While pipeline_prefetch will boost the performance of pipelined requests to closer match that of a non-proxied environment, the second directive shutdown_lifetime saves you a lot of time waiting for Squid to shut down. The latter comes in very handy if you’re tweaking Squid and need to restart it a lot.

Even though Squid is meant as a cache there are reasons running it without a cache, i.e. as a pure forwarding proxy: you might want to use it as a load balancer with some parent proxies, simply as a transparent proxy or you don’t have particularly fast hardware. There are two methods to circumvent caching:

  1. Deny caching for all connections:
    acl all src 0.0.0.0/0.0.0.0
    no_cache deny all

    This way neither a request will be satisfied from the cache nor the reply will be cached. Note that the first line might already be in your configuration.

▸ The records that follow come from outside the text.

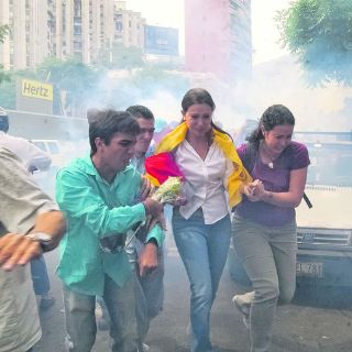CARACAS, VENEZUELA (02/ABR/2014).- La Policía de Venezuela dispersó con gases lacrimógenos y perdigones a cientos de simpatizantes de la líder opositora María Corina Machado, quienes la acompañaban en una marcha hacia el Parlamento venezolano. El Tribunal Supremo de Justicia ratificó el desafuero de la diputada.
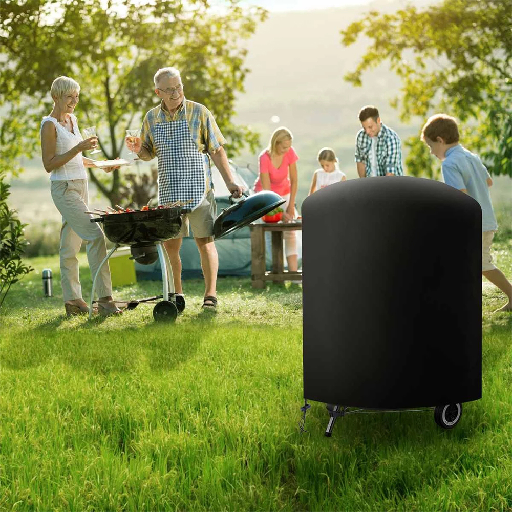 - 適用於圓形燒烤爐 - 耐用、防水、防塵 - 材質:210D 牛津布 - 顏色:黑色 - 尺寸:約 58x77cm 包裝清單: 1x 燒烤爐蓋 1 個儲物袋
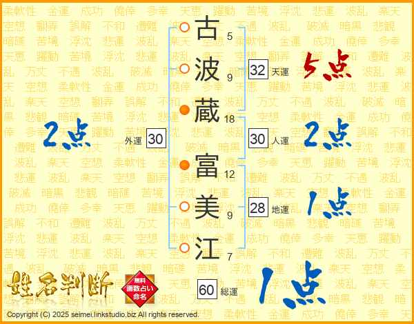 古(5画)波(9画)蔵(18画) 富(12画)美(9画)江(7画)
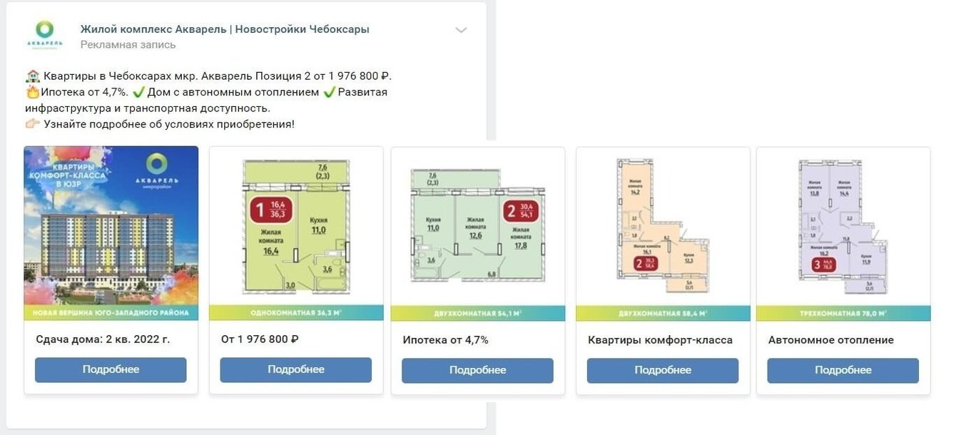 Мы решили попробовать сделать общее объявление по трем микрорайонам – Радужный, Олимп, Акварель, но не брали премиум микрорайон «Премьер». И вести на предварительно собранный квиз-опрос.
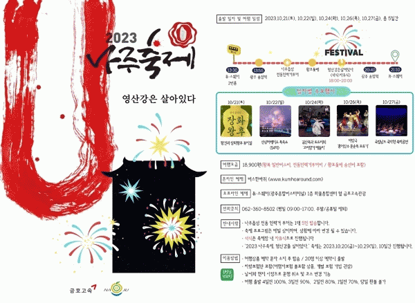 영산강 선상 퍼레이드, 뮤지컬 개막 공연 등 축제 메인 프로그램 관람·체험과 함께 관광객들에게 나주의 역사·문화, 힐링 공간을 둘러볼 수 있는 여행 기회를 저렴한 가격에 제공할 계획이다.
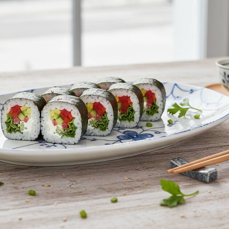 NORI COM ARROZ REVESTIDO KANI CEBOLIINHA E CREAM CHEESE.
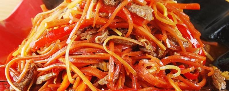 酱牛肉200克、胡萝卜1个、洋葱1个、青辣椒1个、生抽2勺、蚝油1勺、盐适量。
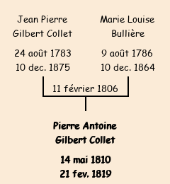 Père : Jean Pierre Gilbert Collet, fils de Antoine | Parrain : Pierre Antoine Bullière (grand-père maternel fils Pierre) |
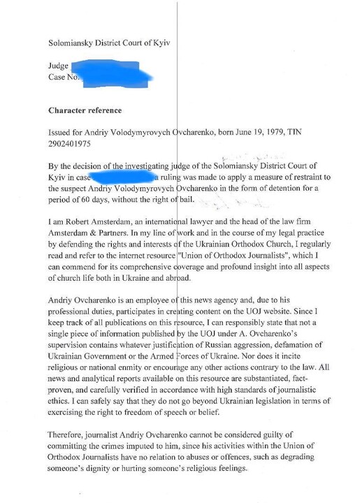 Robert Amsterdam noted that as part of his legal practice in defending the rights and interests of the Ukrainian Orthodox Church, he regularly reads the internet resource "Union of Orthodox Journalists".
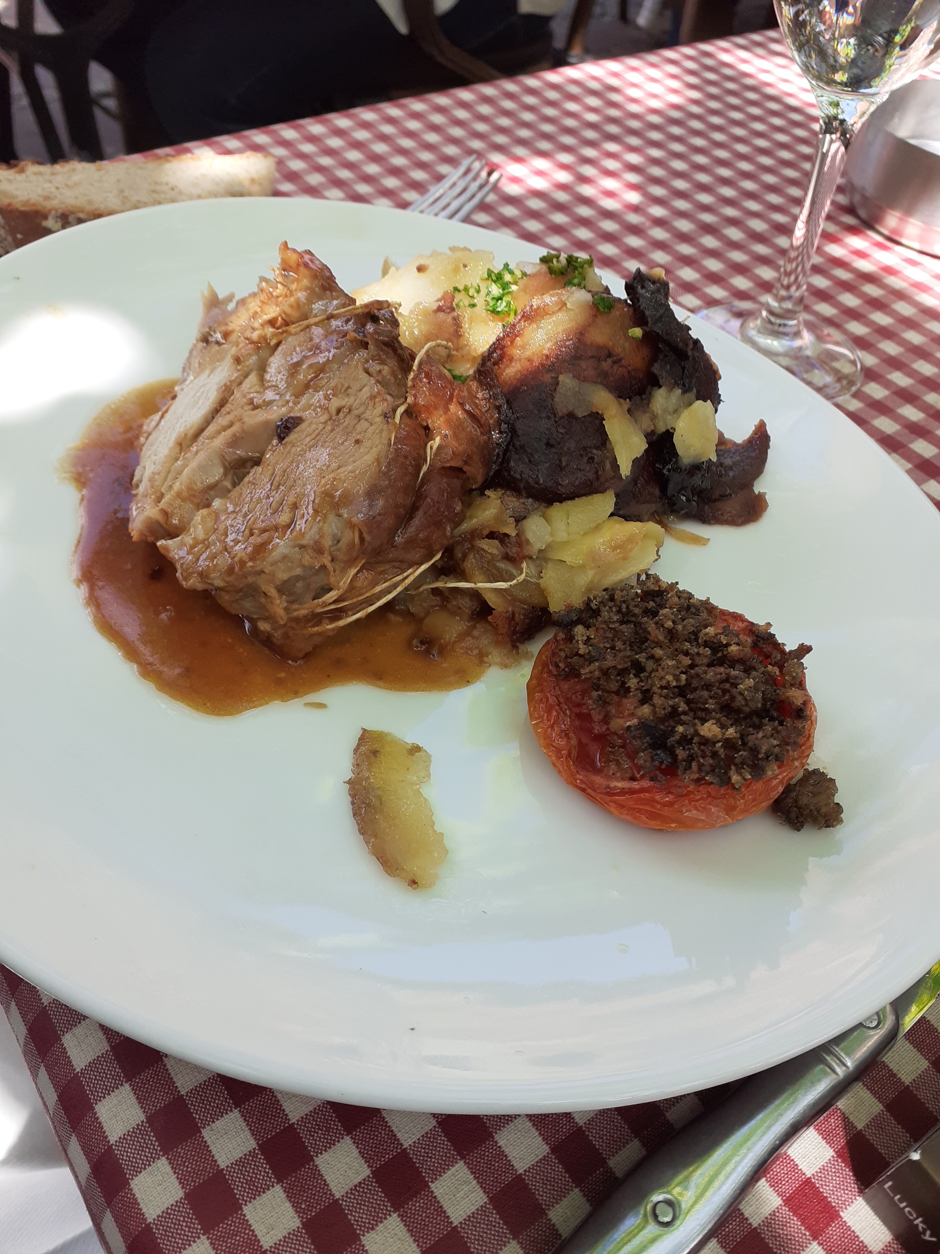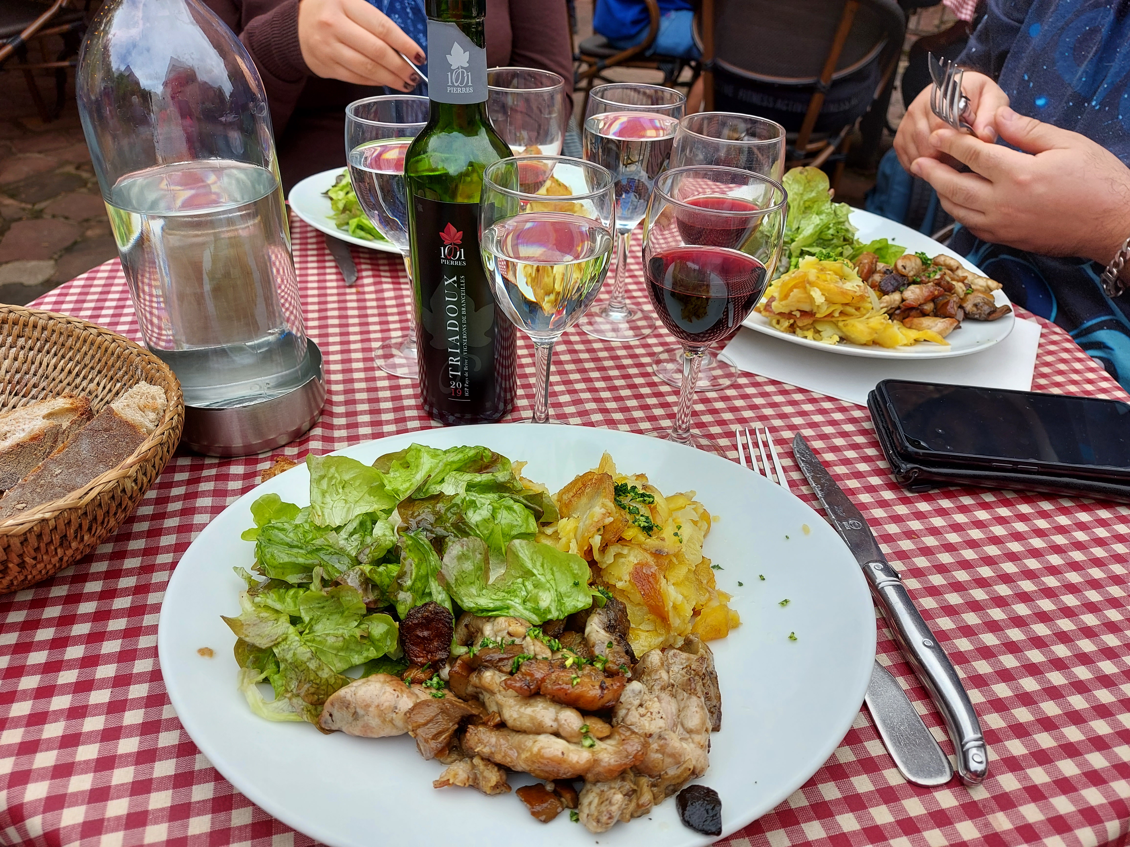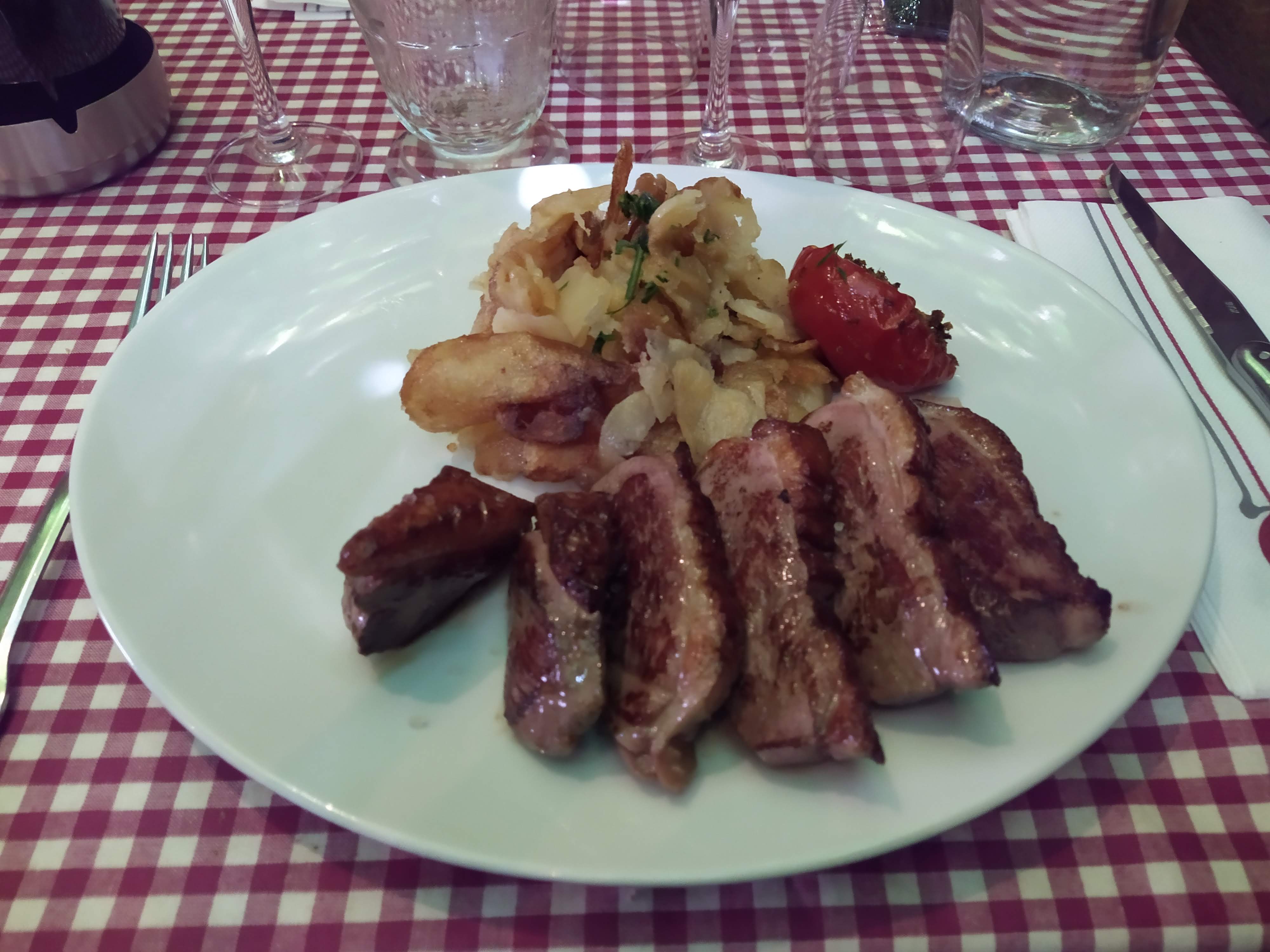 Après la visite du très beau village de Collonges la Rouge, déjeuner au cœur du village en terrasse ombragée par une treille. Décor très sympa, accueil et service très sympathique. Nous avons passé un très bon moment. Pavé de bœuf savoureux.
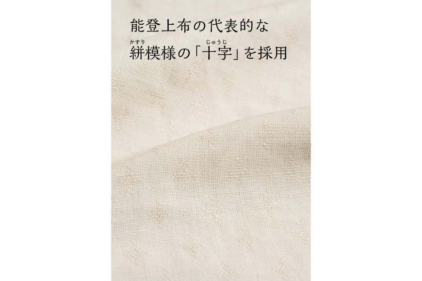石川県指定無形文化財である"能登上布"の伝統的な柄や色合いを受け継ぎながら、テクシるが進化させたオリジナル生地「NEO能登上布」を100%使用。
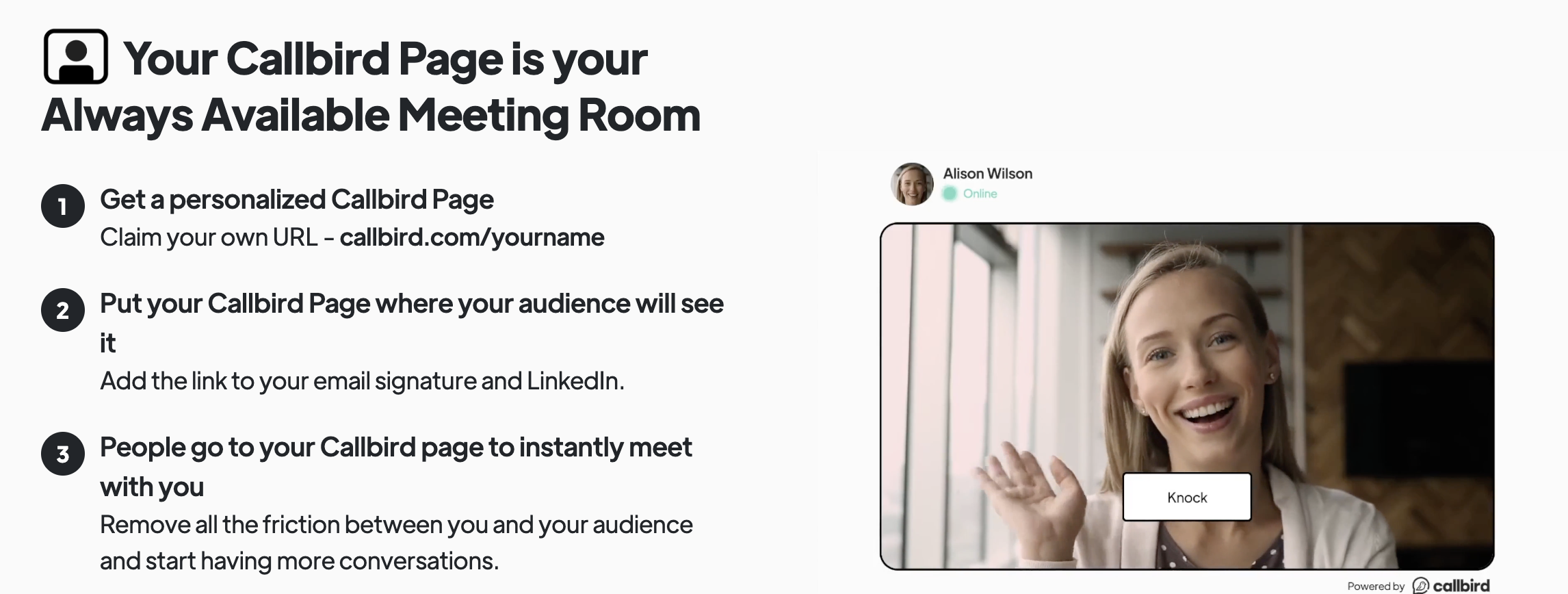 Product-led growth, a strategy in which a company’s features do the “selling,” is central to Callbird’s launch. The startup has made it easy for anyone to claim their personal Callbird page for free to improve the conversation flow with customers.
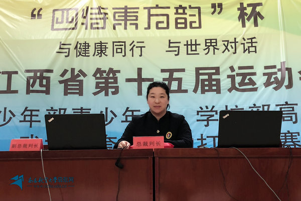 又讯 江西省第十五届运动会武术套路项目比赛在景德镇圆满结束,我校国家级武术裁判、体育学院张莉老师,担任本次比赛总裁判长并作为颁奖嘉宾为运动员颁奖。
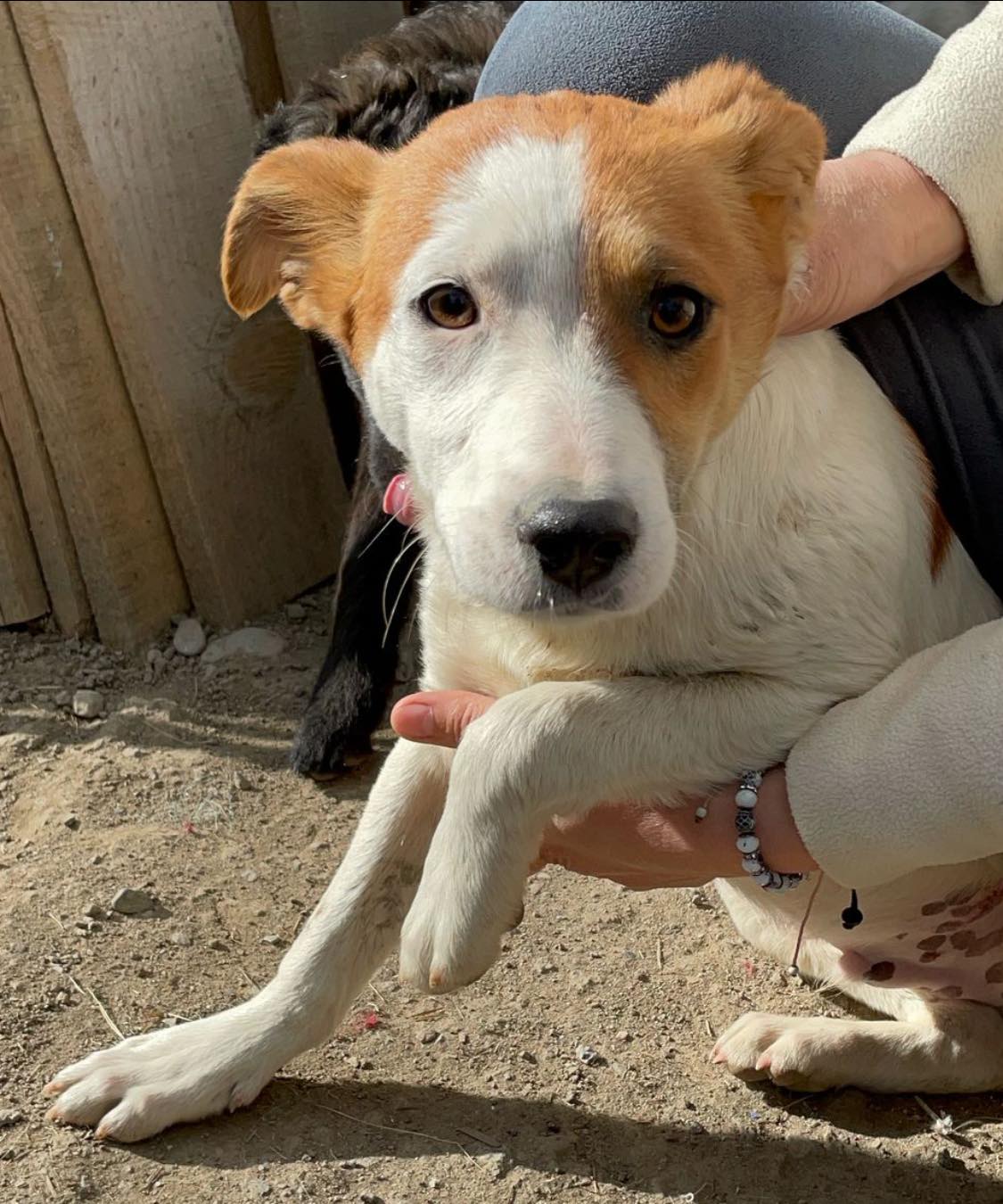 Pirate-Face und seine Geschwister wurden von der Mama auf einem Feld geboren. Eine Tierschützerin fand die Familie und holte sie zu sich. Das rettete ihr Leben bei Minus 16 Grad. Nun haben sie ihre eigene Hütte und werden liebevoll umsorgt.

  2. If you use a parent proxy you can specify the proxy-only option to prevent that retrieved data from the remote cache is stored locally. An example:
    cache_peer proxy.isp.com parent 8080 0 proxy-only

Finally you might want to turn off logging. On a Debian based system it’s sufficient to turn of cache_access_log and cache_store_log:

cache_access_log none
cache_store_log none

Hardening

When talking about hardening I think about turning off features that aren’t used and restricting access to the proxy. Features that aren’t used might be ICP and HTCP: they are used to communicate with other caches in a hierarchy. In most cases we don’t need this:

icp_port 0
htcp_port 0
icp_access deny all
htcp_access deny all

If you don’t wish to use SNMP we can disable this too. This is already the default for systems running Debian.

snmp_port 0
snmp_access deny all

At last you definitely want to restrict access to your proxy: define an access control list (acl) and either allow or deny access with http_access. Lets say your LAN is 172.16.0.0/24 and 172.16.1.0/24. Then you would put the following into squid.conf:

acl LAN src 172.16.0.0/24 172.16.1.0/24
http_access allow LAN

If somebody outside your network tries to access your proxy he’ll get an error message that he isn’t allowed to do so.